Sea levels rise faster than expected, NASA warns

8 centimetres since 1992. This is how much sea levels have risen due to ice melting and warming oceans. “It’s very likely to get worse”.

IPCC’s estimates probably resulted too reasonable. That’s what NASA researchers affirmed last Wednesday in a conference, when they claimed that sea levels have risen 8 centimetres since 1992, way faster than registered over the last 50 years.

 

Jokulsarlon Glacier Lake

 

And “it’s very likely to get worse”, said Steve Nerem, geophysicist at the University of Colorado.
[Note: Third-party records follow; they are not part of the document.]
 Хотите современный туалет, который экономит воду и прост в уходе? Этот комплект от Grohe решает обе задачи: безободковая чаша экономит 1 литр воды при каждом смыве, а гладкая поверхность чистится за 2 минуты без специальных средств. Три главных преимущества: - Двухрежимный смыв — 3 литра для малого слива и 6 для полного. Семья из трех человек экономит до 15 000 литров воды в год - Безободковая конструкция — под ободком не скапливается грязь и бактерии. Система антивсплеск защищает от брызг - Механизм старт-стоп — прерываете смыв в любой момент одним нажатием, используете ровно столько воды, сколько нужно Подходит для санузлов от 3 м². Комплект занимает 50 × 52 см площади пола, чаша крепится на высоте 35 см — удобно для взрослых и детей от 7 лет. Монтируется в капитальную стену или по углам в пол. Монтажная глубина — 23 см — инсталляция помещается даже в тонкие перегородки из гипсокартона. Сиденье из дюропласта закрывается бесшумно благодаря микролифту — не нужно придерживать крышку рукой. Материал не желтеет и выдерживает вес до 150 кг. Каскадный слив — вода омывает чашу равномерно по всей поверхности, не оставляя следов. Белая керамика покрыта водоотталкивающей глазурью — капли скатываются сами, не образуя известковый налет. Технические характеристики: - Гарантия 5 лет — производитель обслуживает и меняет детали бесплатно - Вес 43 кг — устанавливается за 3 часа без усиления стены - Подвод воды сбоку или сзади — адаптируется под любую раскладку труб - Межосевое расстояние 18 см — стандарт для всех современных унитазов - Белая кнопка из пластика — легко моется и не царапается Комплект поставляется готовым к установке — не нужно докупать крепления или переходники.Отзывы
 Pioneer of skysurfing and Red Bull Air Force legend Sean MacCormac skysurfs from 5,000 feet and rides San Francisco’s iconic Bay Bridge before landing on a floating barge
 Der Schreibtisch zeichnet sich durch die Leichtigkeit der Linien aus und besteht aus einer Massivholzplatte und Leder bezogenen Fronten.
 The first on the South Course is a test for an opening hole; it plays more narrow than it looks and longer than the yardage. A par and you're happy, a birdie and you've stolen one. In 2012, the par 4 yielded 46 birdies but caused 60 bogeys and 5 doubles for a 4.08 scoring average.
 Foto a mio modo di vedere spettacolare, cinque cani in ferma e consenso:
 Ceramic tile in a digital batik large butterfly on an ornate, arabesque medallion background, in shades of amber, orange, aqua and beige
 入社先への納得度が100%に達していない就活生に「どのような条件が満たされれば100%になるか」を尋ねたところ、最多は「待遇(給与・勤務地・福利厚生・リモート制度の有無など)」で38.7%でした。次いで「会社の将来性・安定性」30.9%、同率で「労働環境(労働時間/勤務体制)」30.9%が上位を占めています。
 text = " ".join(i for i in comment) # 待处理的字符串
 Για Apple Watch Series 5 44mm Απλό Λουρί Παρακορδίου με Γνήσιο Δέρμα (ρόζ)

The causes: climate change, melting ice, and warming oceans. “Significant changes are taking place today on ice sheets,” reports the Guardian, quoting the words of Eric Rignot, a glaciologist at the University of California in Irvine. “It would take centuries to reverse the trend of ice retreat.”

 

 

It’s not about catastrophism, nor unavoidability, but acknowledging that we are going through a change in our planet’s surface, and that it’s necessary to plan adaptation activities, particularly for people living along the coasts. “We have data you can now use to estimate what the impacts are going to be in the next 100 years,” said Tom Wagner, NASA scientist.

 

The scientist, as reported by RTTC News, explained how sea levels could rise 3 metres by the end of the century, if ice melts rapidly. “We’re seeing evidence that the ice sheets are waking up, but we need to understand them better before we can say we’re in a new era of rapid ice loss.”

 

Sea storm in Camogli, Italy

 

Meanwhile, last Monday, the ESA has spotted one of the largest icebergs ever seen, off the coast of Greenland, with a surface equal to the entire island of Manhattan.